Urinarios
La ciudad, como opuesta al desierto —recordemos que las primeras urbes nacieron en Irak, Mesopotamia—, pues la verdad es que no está mal. Ofrece sus comodidades, sobre todo la de cubrir la mayoría de las necesidades básicas sin tener que estar buscando todo el santo día oasis con agua y sombra. O, en latitudes como la nuestra, bares con caldo y estufa. Aunque, sobre aquellas ciudades primordiales, también hubo sus dudas y fue necesaria la publicidad: según nos refiere la primera mitología sumeria de la época, a Enkidu, el hombre salvaje, tuvo que convencerle la mujer para que se instalara en Uruk. Esa ruralidad, toda la vida resistente al cambio, casi siempre con razones que solo el corazón entiende… Pero a lo que iba es a esa «mayoría» de las necesidades básicas, porque en las modernas ciudades lo que suele brillar por su ausencia es el soporte básico, llegados a cierto nivel de civismo, para las comodidades aparejadas al oasis: los urinarios.

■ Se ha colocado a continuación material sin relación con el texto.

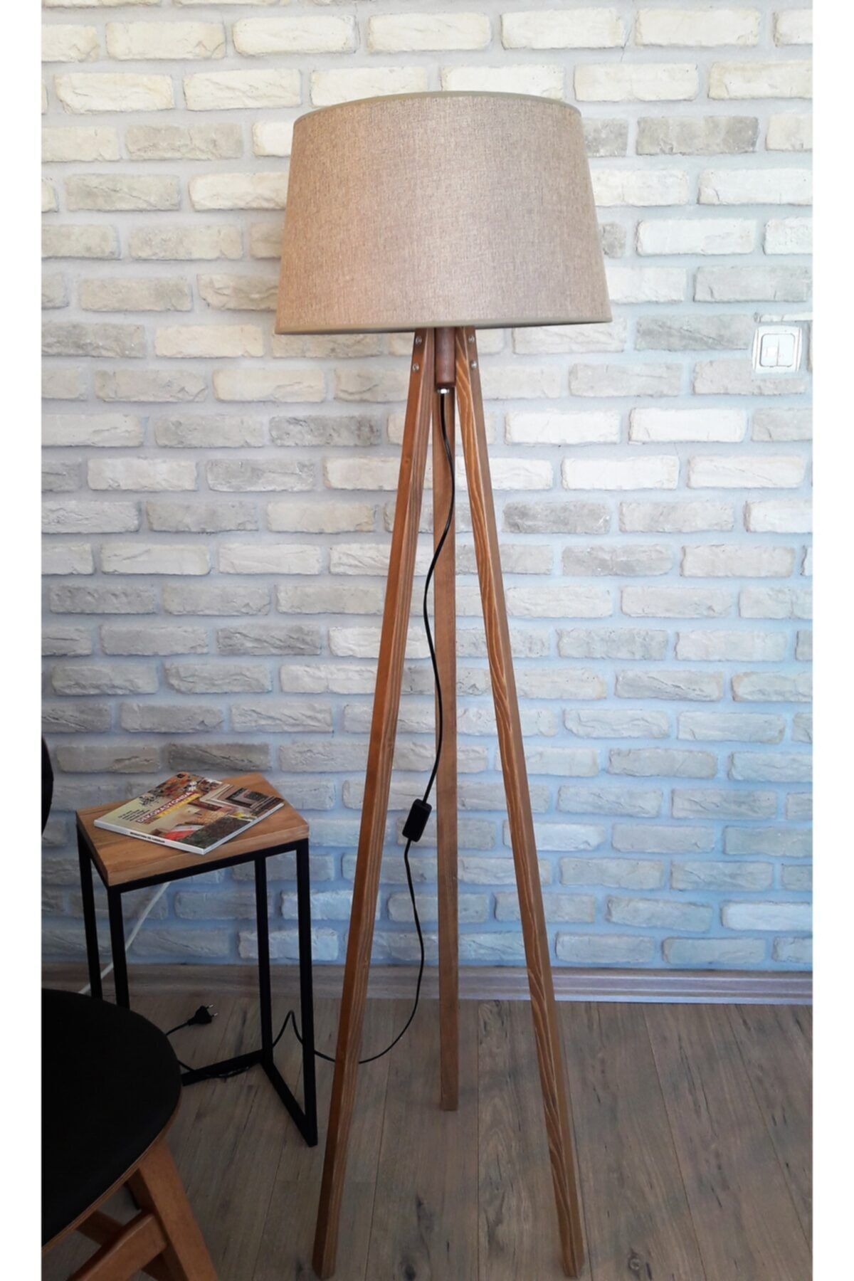 Lambada Ahşap Düğme Aks. 3 Ayakli Lambader, Bej Keten Şapka/ Açik Ceviz Ayak Özellikleri

En una sociedad que recoge las heces de sus mascotas y riega con agua embotellada los lugares de sus deposiciones, resulta asombrosa la escasez de «puntos limpios» para los humanos. Se supone que, como ya no somos de hacerlo allí donde nos apetece, todos somos capaces de controlar nuestras vejigas hasta llegar a un puerto franco. Y, sin embargo, están al cabo de la calle rincones y huecos de garajes donde un acre aroma delata los rastros del delito. Generalmente menor, pero de todo hay por esas calles cada vez menos iluminadas y por lo tanto propicias para el alivio urgente de todo tipo de apretón, sobre todo durante los findes de vino y ave. Algo de arquitectura efímera con agua corriente no vendría mal del todo en ciertos puntos estratégicos para las avenidas de turistas trasnochadores poco acostumbrados a las comidas cargadas de pimentón y cualquier tipo de vejigas flojas, que ninguno estamos libres, llegado el caso, de caer presos de un mal de tripas.
En esa plaza de San Marcelo para la que ahora hay planes de remodelación, la mayoría de la gente ha alzado sus voces por la conservación de los árboles y la fuente, y uno abogaría además porque se contemplase el recuerdo de otros tiempos, cuando ahí estaba la popularmente conocida como «Mezquita de Benimea», un salón de pises, bautizada en tiempos en que se era menos respetuoso con las religiones de cuchillo y fatwa en ristre.